Gender Violence: Movement for Change

As I was about to leave the door I hesitated, for a few seconds, it was cold, I was going alone. These hesitations only lasted for a few seconds.  My husband gently encouraged me to go. My young boys understood, when I told them I was going to the open meeting at the London School of Economic and Political Science on Gender Violence.

Remembering the protest on the 7th January in front of the Indian High Commission in London, I had no hesitations, I was going and going with a determination, to find voices that felt the same anger that I had felt in isolation, anger of the 50 million girls missing, of the acceptance and support of abuse from government. This endless cycle had to be stopped.  I needed to be the voice that had been denied to millions. I felt so much in unison with all the girls that had died and had yet to shout.  The voices at the protest on the 7th January were powerful, very powerful.  We shouted, ‘Shame on you’ for hours, we demanded justice, freedom and sang, 'We are not just flowers we are sparks and fire’. It was both a process of healing for all the hurt and an opportunity to be with other women, who were strangers but shared a common cause.

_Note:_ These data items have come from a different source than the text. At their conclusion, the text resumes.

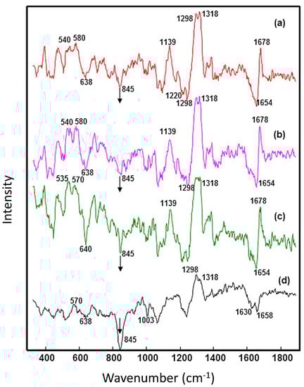 - Lord, R.; Yu, N.-T. Laser-excited Raman spectroscopy of biomolecules: I. Native lysozyme and its constituent amino acids. J. Mol. Biol. 1970, 50, 509–524. [Google Scholar] [CrossRef]
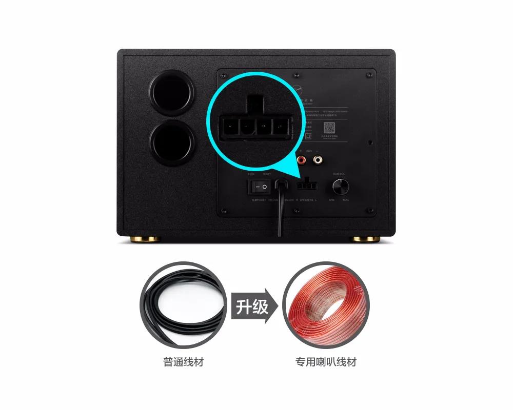 超低音的背面還配有低頻音量調(diào)節(jié),用戶可根據(jù)個(gè)人喜好調(diào)節(jié)低頻音量,打造個(gè)性化聽(tīng)音。此外,衛(wèi)星箱連接線升級(jí)為專用喇叭線材,并采用一體式端口設(shè)計(jì),連接更便捷,隨時(shí)聆聽(tīng)好聲音。
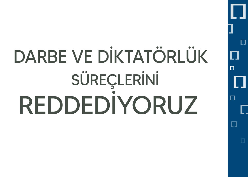 Bu vesile ile kurulan “otokratik ve karanlık rejimin” sürdürülemeyeceğini; bütün kurum ve kurallarıyla işleyen tam ve eksiksiz “demokrasi ve adalet” taleplerimizin takipçisi olacağımızı; doğal ve kültürel değerlerimize sahip çıkmakta kararlı olduğumuzu; sağlıklı ve güvenli yaşam çevrelerinin oluşturulması için çaba göstermeye devam edeceğimizi bir kez daha vurguluyoruz.
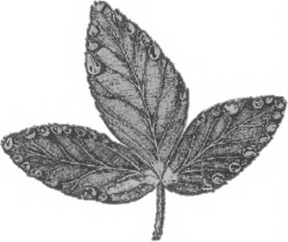 Рис. 2.6. Когда воздух насыщен водяными парами, влага, поднимающаяся по растению, остается на листьях в виде капель

I was very lucky to be sitting next to my heroine Meera Syal during the open meeting at LSE, I spoke to her briefly.

Then the discourse began.

One of the audiences began with ‘We need more judges’ in India. Kavita Krishnanan Indian feminist at the forefront of change was on face time live to answer questions. Yes, Indian feminist will be watching closely the budget and assessing what actually has been done to address the issues.  Having more judges is a right. But having judges with moral conviction, having an ethos in the system which respects and supports women is just as necessary and valid.  Women’s issues have lit a spark which will not die down to the unjust system until real changes are made. Changes demanded by locals not just in urban communities but in rural communities, as well.


‘Women’s freedom is everyone’s freedom’

Is it a fight for the dignity of all our sisters, when one sister is unhappy it affects all sister’s. If one sister is abused in the global family then all our brother and sisters feel the pain.

There is a dangerous line that must be kept in check, while we demand freedom from abuse, we must be careful not to label a whole community of being abusive. It is the system, it is the ethos that must be changed from the top that allows, if not encourages the abuse.

Confronting abuse with abuse is not productive.  We are asking for justice against crimes, we are asking for an end of reading, listening and knowing that millions of girls were denied the right to life, around 50 million missing girls in India. If they survived birth many did not see childhood, if they survived childhood, the incidence of abuse was high, if they got married then abuse would continue if they bore girls.

A member of the audience a lawyer who has dealt with crimes against women for 20 years and seen men escape justice and commit abuses against women. Now she cannot understand why the death penalty has not been implemented widely in India for rapes.  There was ‘Boos’ from the rest of the audience.  The problem with the death penalty is that the police and the army are exempt and the government is selective for whom they subjected death penalty to. Most rapes are committed by men whom the girls know for example, relatives, neighbours community members; girls would be under immense pressure not to ‘kill’ her abuser.

Rape laws as they stand in Indian are scandalous, they do not include stalking, inserting objects in women’s bodies etc. The sexual harassment bill is very problematic and as a first step this needs to change to encompass abuse against women. The widespread abuse and rape of UK military and police force was highlighted.  The difficulties and issues are similar for example only 6% of sexual harassment cases are brought to justice in UK.

If the 23 year old student 'Damini' had survived, life would have been no better than a ‘corpse’.  One of the audiences mentioned a cartoon she saw in paper. It had one candle burn out and then next to it a million candles light up.

 This movement needs to continue, we must continue the dialogue, and we must stand up with the light within us to shine the light of justice everywhere. 

The workshop ended with a list of actions that demanded action from Dr Manhohan Singh. Manmohan Singh is perfectly aware of the injustice to women; he was quoted as saying once that what was needed was a moral crusade to stop this. As if he was waiting for an outside force to deal with the problem within his government.  That moral crusade needs to come from his government for effective change.

I was worried going back home alone but that light within me that took me to the open meeting also gave me another light to walk home with. I made a new friend, usually I say hello to an elderly man on the way to school run and occasionally I see his daughter with him. I went home with his daughter and it was delightful to connect and to hope for a better future.